■ What you need to do
Nothing but the pictures gets dropped; retype every entry exactly.

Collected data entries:
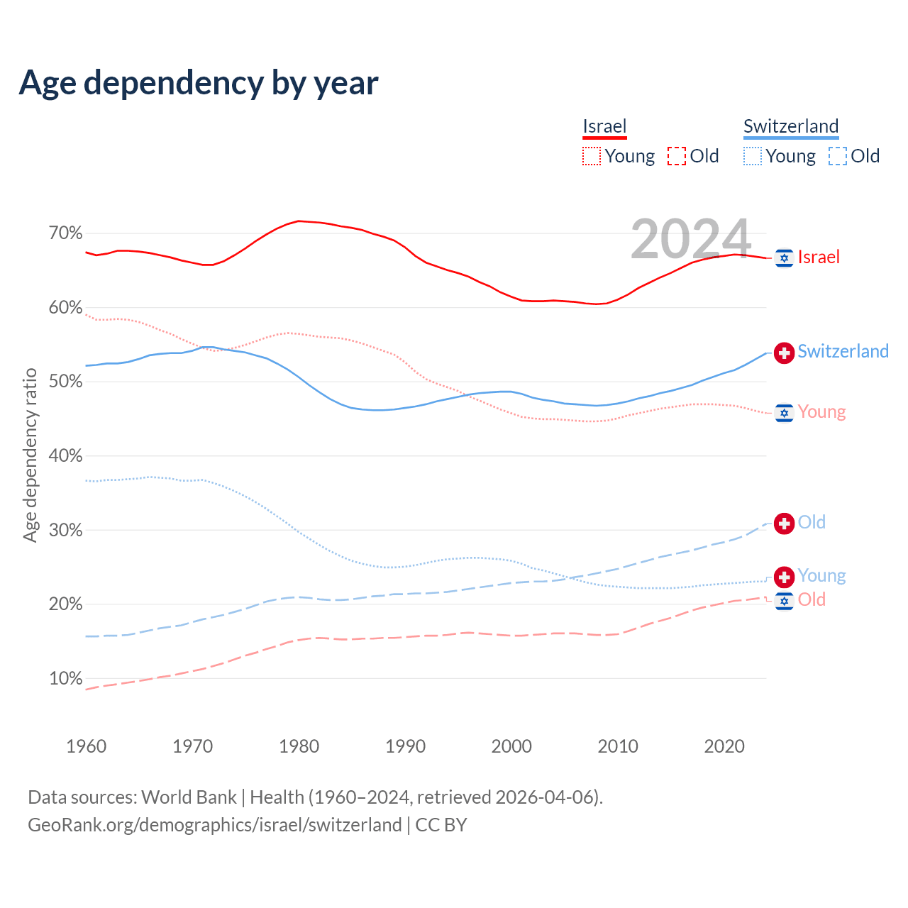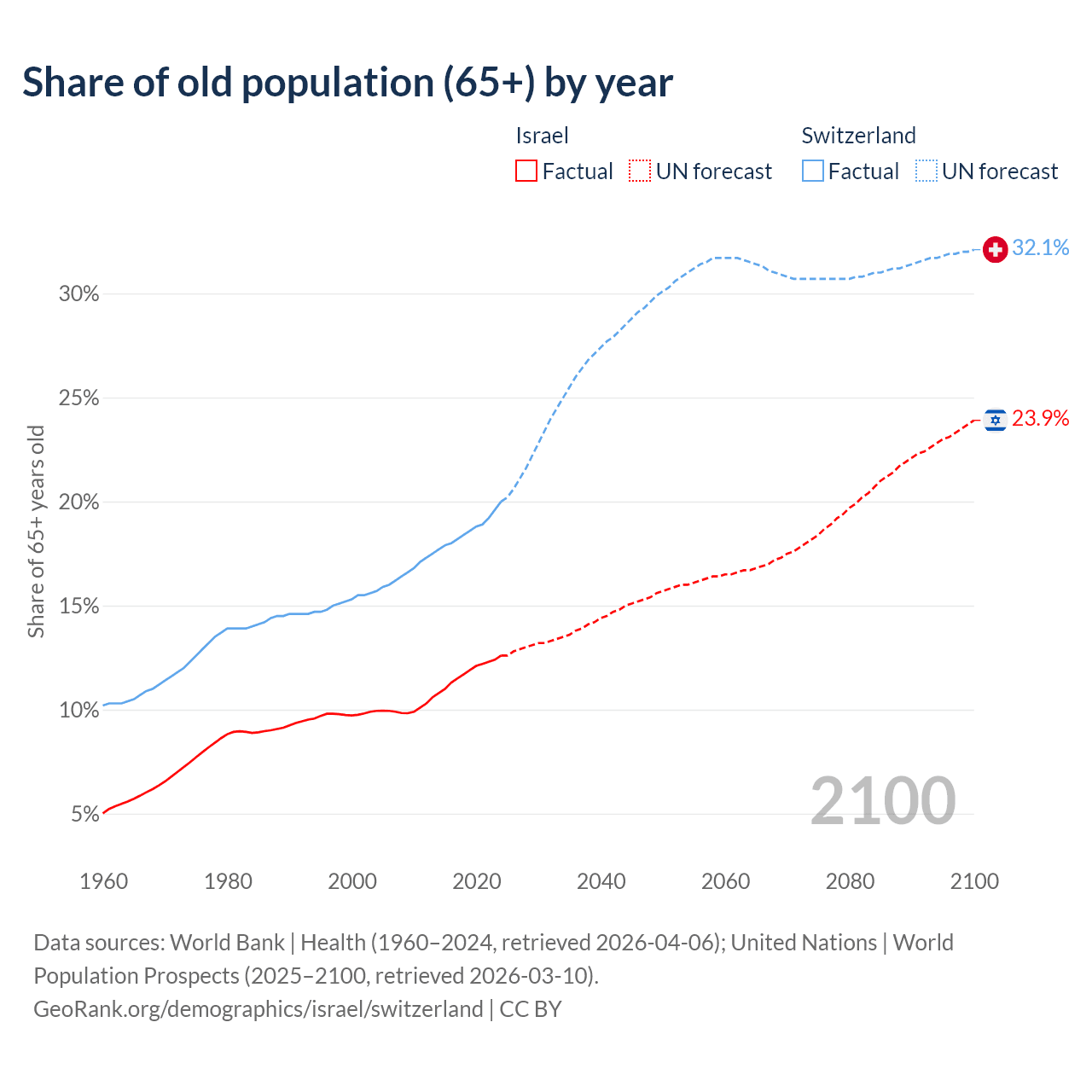 The share of older people aged 65 and over is 12.6% in Israel and 20% in Switzerland. Life expectancy in Israel compared to Switzerland .
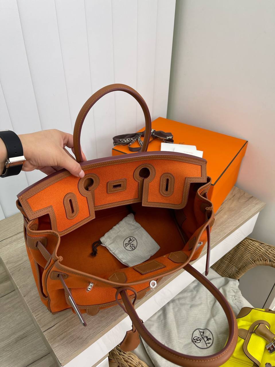 Созданная для тех, кто ценит эксклюзивность и стиль, Hermes Birkin Cargo 35cm идеально вписывается в образ модницы, которая не боится экспериментировать с образами. Эта сумка станет не только практичным аксессуаром для повседневного использования, но и настоящим произведением искусства, способным вызвать восхищение. Благодаря своей уникальной форме и элегантным линиям, она привлекает внимание и подчеркивает статус своей обладательницы, что делает её идеальным дополнением к любому наряду.
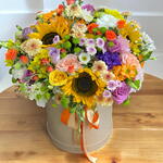 Bu zarif kutu buket, doğanın en güzel renklerini bir araya getiriyor. Güneşin parlak sarısından, lavantanın narin tonlarına kadar uzanan renk yelpazesi, her bakışta sizi büyüleyecek. Ay çiçeklerinin sarı neşesi, güllerin şıklığı ve krizantemlerin zarafetiyle tasarlanan bu buket, evinizde ya da ofisinizde canlılık yaratacak. Lisyantüslerin ve yeşil top çiçeklerinin eklenmesiyle renkler birbirini tamamlıyor. Hem romantik hem de enerjik bir atmosfer sunan bu kutu buket, sevdiklerinize özel bir hediye olarak mükemmel bir seçenek. Kutusuyla birlikte gelen bu tasarım, şıklığı ve estetiğiyle her anınıza değer katacak.
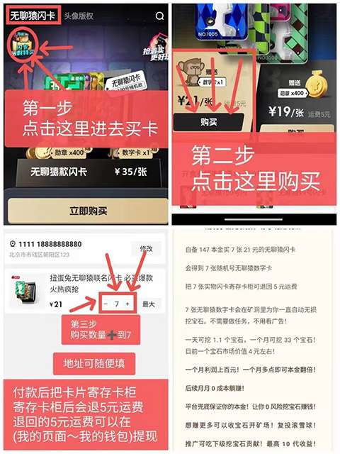 两种方式管道收益:第一种、实名认证,新人注册免费收益一月或本金147,猴卡即将涨价喽,一月回本,购7张无猿猴自动收入宝石,随时变现;几个月前2元多一个宝石,因太火爆,现已疯狂上涨7元多一个宝石,你细品!跟上节奏,赚钱就跟呼吸一样!!第二种、无需本金,扭兔单,靠每天免费开蛋升级战力自动收入宝石,随时变现。注册好后暂时不升级,因升级需要消耗7个猴子!!!
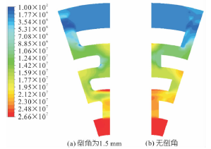 圖2 1.5mm倒角和無倒角時的靜壓云圖(單位:Pa)
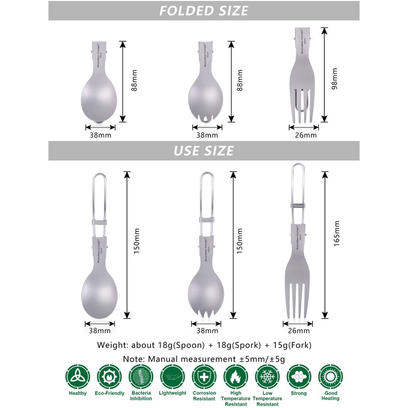 • Ti1021T spoon: with size (L) 150 x (W) 40 mm, folding size: (L) 80 x (D) 38 mm; approx. 18 g.
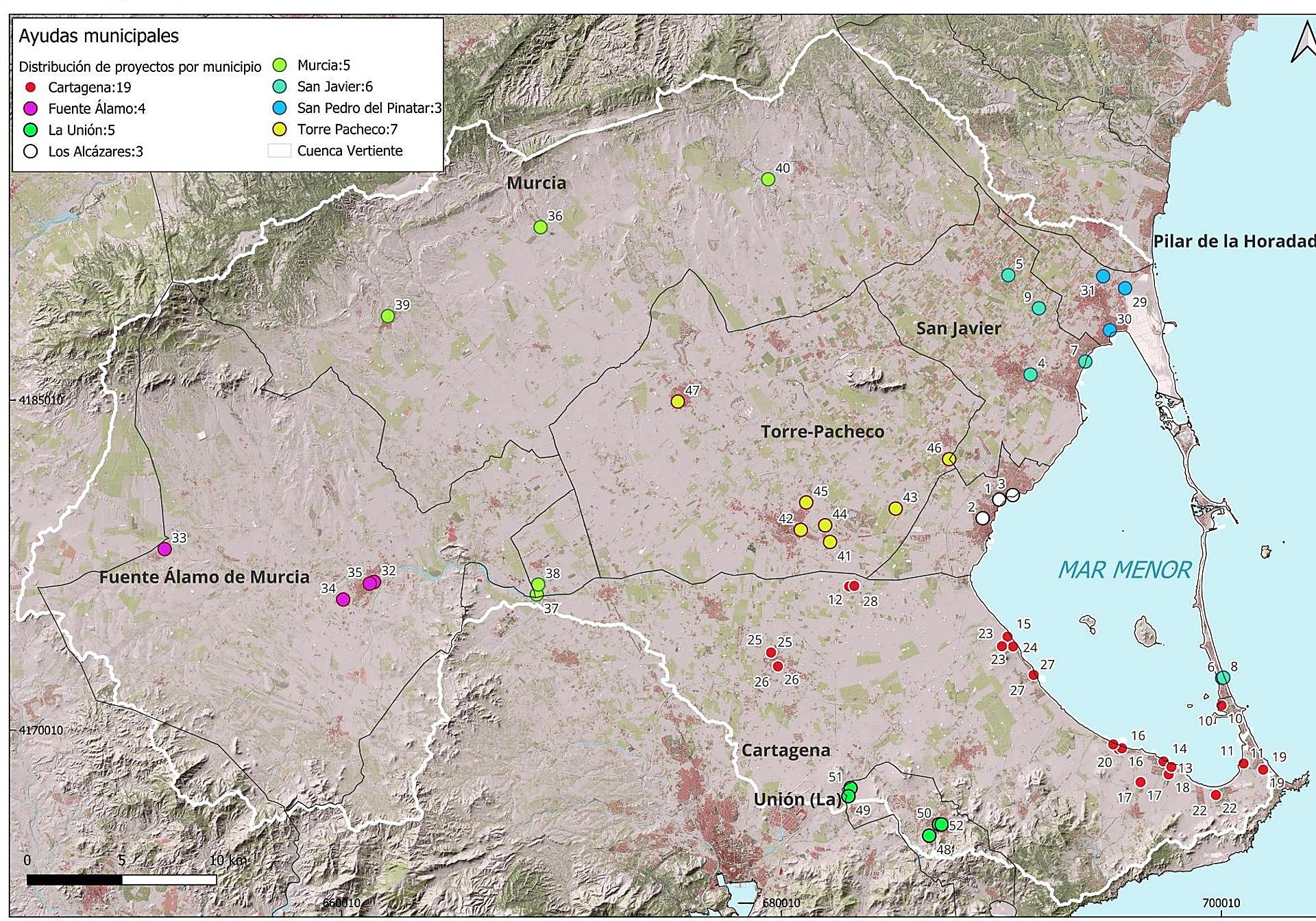 El reparto de los 20 millones de euros se ha distribuido de la siguiente manera: Los Alcázares y San Javier (3,75 millones de euros cada uno); Cartagena y San Pedro del Pinatar (3,5 millones de euros cada uno); Torre-Pacheco, Murcia y Fuente Álamo (1,5 millones de euros cada uno) y La Unión (1 millón de euros).
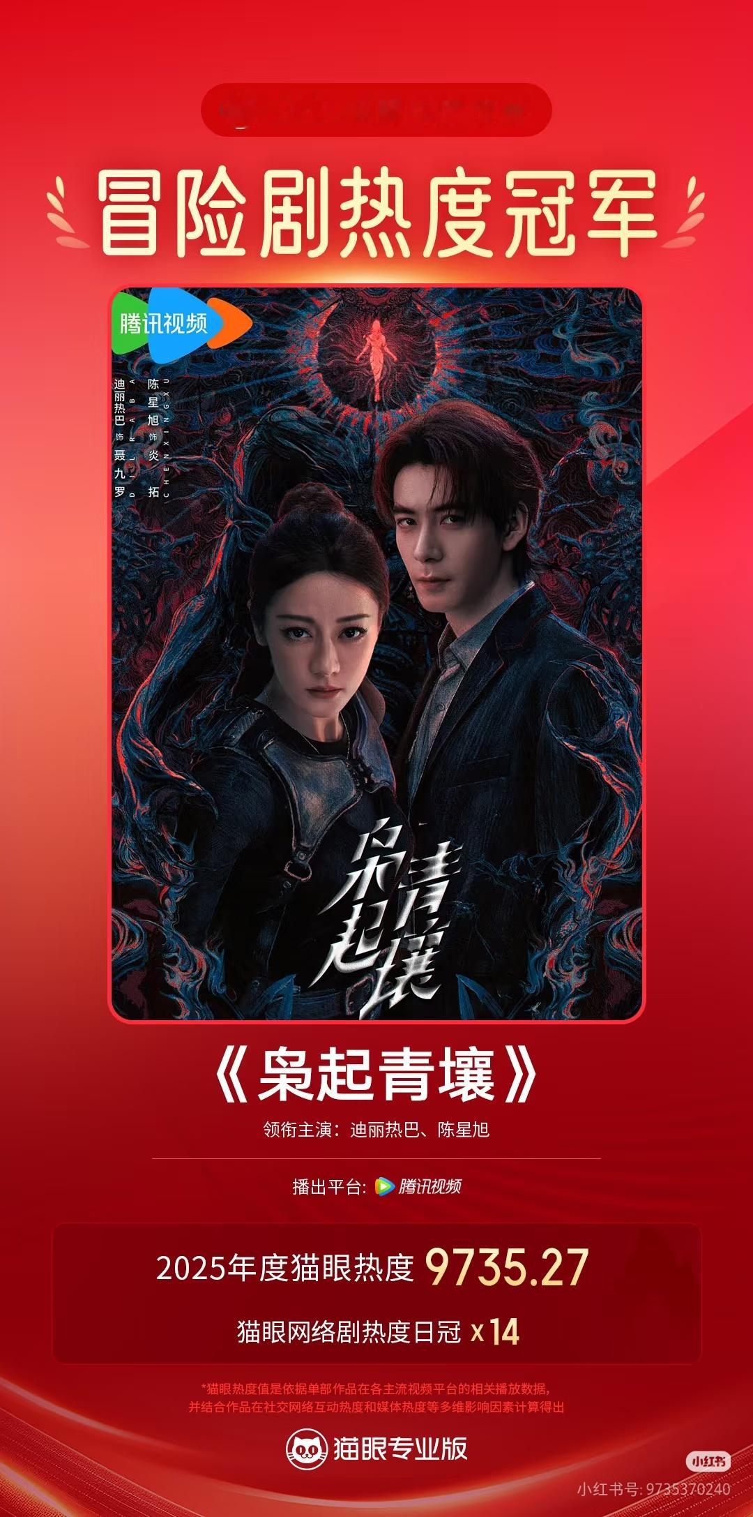 2025年度猫眼榜单枭起青壤年度最热冒险剧热巴主演的《枭起青壤》,猫眼热度冒险系列年冠。被热巴带飞的感觉如何?

■ Result of this exercise
 The share of older people aged 65 and over is 12.6% in Israel and 20% in Switzerland. Life expectancy in Israel compared to Switzerland .
 Созданная для тех, кто ценит эксклюзивность и стиль, Hermes Birkin Cargo 35cm идеально вписывается в образ модницы, которая не боится экспериментировать с образами. Эта сумка станет не только практичным аксессуаром для повседневного использования, но и настоящим произведением искусства, способным вызвать восхищение. Благодаря своей уникальной форме и элегантным линиям, она привлекает внимание и подчеркивает статус своей обладательницы, что делает её идеальным дополнением к любому наряду.
 Bu zarif kutu buket, doğanın en güzel renklerini bir araya getiriyor. Güneşin parlak sarısından, lavantanın narin tonlarına kadar uzanan renk yelpazesi, her bakışta sizi büyüleyecek. Ay çiçeklerinin sarı neşesi, güllerin şıklığı ve krizantemlerin zarafetiyle tasarlanan bu buket, evinizde ya da ofisinizde canlılık yaratacak. Lisyantüslerin ve yeşil top çiçeklerinin eklenmesiyle renkler birbirini tamamlıyor. Hem romantik hem de enerjik bir atmosfer sunan bu kutu buket, sevdiklerinize özel bir hediye olarak mükemmel bir seçenek. Kutusuyla birlikte gelen bu tasarım, şıklığı ve estetiğiyle her anınıza değer katacak.
 两种方式管道收益:第一种、实名认证,新人注册免费收益一月或本金147,猴卡即将涨价喽,一月回本,购7张无猿猴自动收入宝石,随时变现;几个月前2元多一个宝石,因太火爆,现已疯狂上涨7元多一个宝石,你细品!跟上节奏,赚钱就跟呼吸一样!!第二种、无需本金,扭兔单,靠每天免费开蛋升级战力自动收入宝石,随时变现。注册好后暂时不升级,因升级需要消耗7个猴子!!!
 圖2 1.5mm倒角和無倒角時的靜壓云圖(單位:Pa)
 • Ti1021T spoon: with size (L) 150 x (W) 40 mm, folding size: (L) 80 x (D) 38 mm; approx. 18 g.
 El reparto de los 20 millones de euros se ha distribuido de la siguiente manera: Los Alcázares y San Javier (3,75 millones de euros cada uno); Cartagena y San Pedro del Pinatar (3,5 millones de euros cada uno); Torre-Pacheco, Murcia y Fuente Álamo (1,5 millones de euros cada uno) y La Unión (1 millón de euros).
 2025年度猫眼榜单枭起青壤年度最热冒险剧热巴主演的《枭起青壤》,猫眼热度冒险系列年冠。被热巴带飞的感觉如何?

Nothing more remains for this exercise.